Comanche is a game series I haven’t thought of in over a decade. So, you can imagine my surprise when THQ released into Early Access a futuristic helicopter game bearing that name. Nineteen years after the release of Comanche 4, Comanche has made its way back to PC. It’s surprising not only because the series is so old, but the RAH-66 Comanche, on which the video games were based, ceased development in 2004 to make way for the new hotness: Unmanned Aerial Vehicles (UAVS).
The storyline of Comanche follows this—and takes place in a future where UAVs are unreliable, so manned aerial vehicles make a return. But in an ironic move, your Comanche comes equipped with a drone you can pilot to get into small, man-sized spaces. And while the old Comanche series bills itself as simulation, Comanche sits in a strange midfield between arcade and hard simulation.

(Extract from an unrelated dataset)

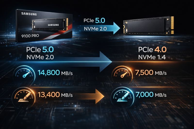 삼성 9100 프로 SSD는 최신 PCI 익스프레스 5세대 인터페이스를 사용하는 초고성능 저장장치입니다. NV미이 2.0 규격을 지원하며, 순차 읽기 속도는 최대 초당 약 만사천 메가바이트 수준에 달합니다. 이는 일반적인 소비자용 SSD와는 급이 다른 성능으로, 고성능 워크스테이션이나 데이터 처리 환경을 겨냥한 제품입니다.
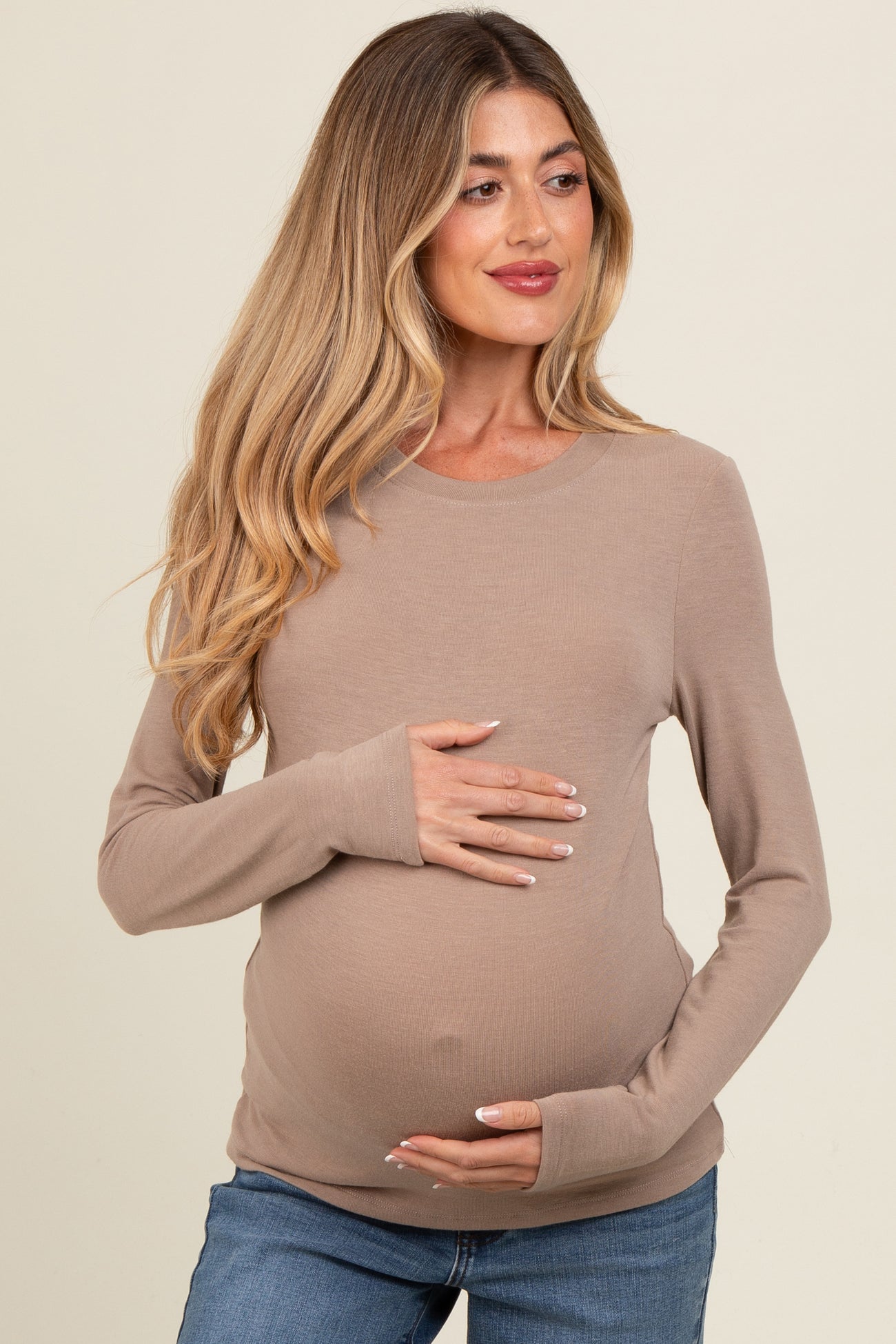 Mocha Basic Fitted Maternity Long Sleeve Top

Comanche is not-quite-sim and not-quite-arcade. If you go looking for a fast-paced arcade experience, you’ll be disappointed—and maybe even frustrated with the controls. If you go in wanting a sim, you’ll be frustrated for want of more sim-like features and considerations. Flying the helicopter feels almost like flying a helicopter in ARMA III, and is something you may struggle with picking up and playing right away, even with the optional flight assists turned on. But once you do get the hang of flying in Comanche, it’s a blast. Flying through canyons, and squeezing into tight spaces is as fun as fighting off waves of enemy helicopters and boats.
The combat itself is a little lackluster, though. You have your main autocannon, and a few special attacks, like dumbfire missiles, guided missiles, and even an auto-aim for your cannon. Aiming and flying is not the easiest, and with no independent aim on the auto gun, it makes attacking feel like a weird airplane instead of a helicopter. The ability that allows your cannon to auto aim feels like it should be the default mode. The weapons themselves feel extremely underpowered, too, with many enemies having a long time to kill.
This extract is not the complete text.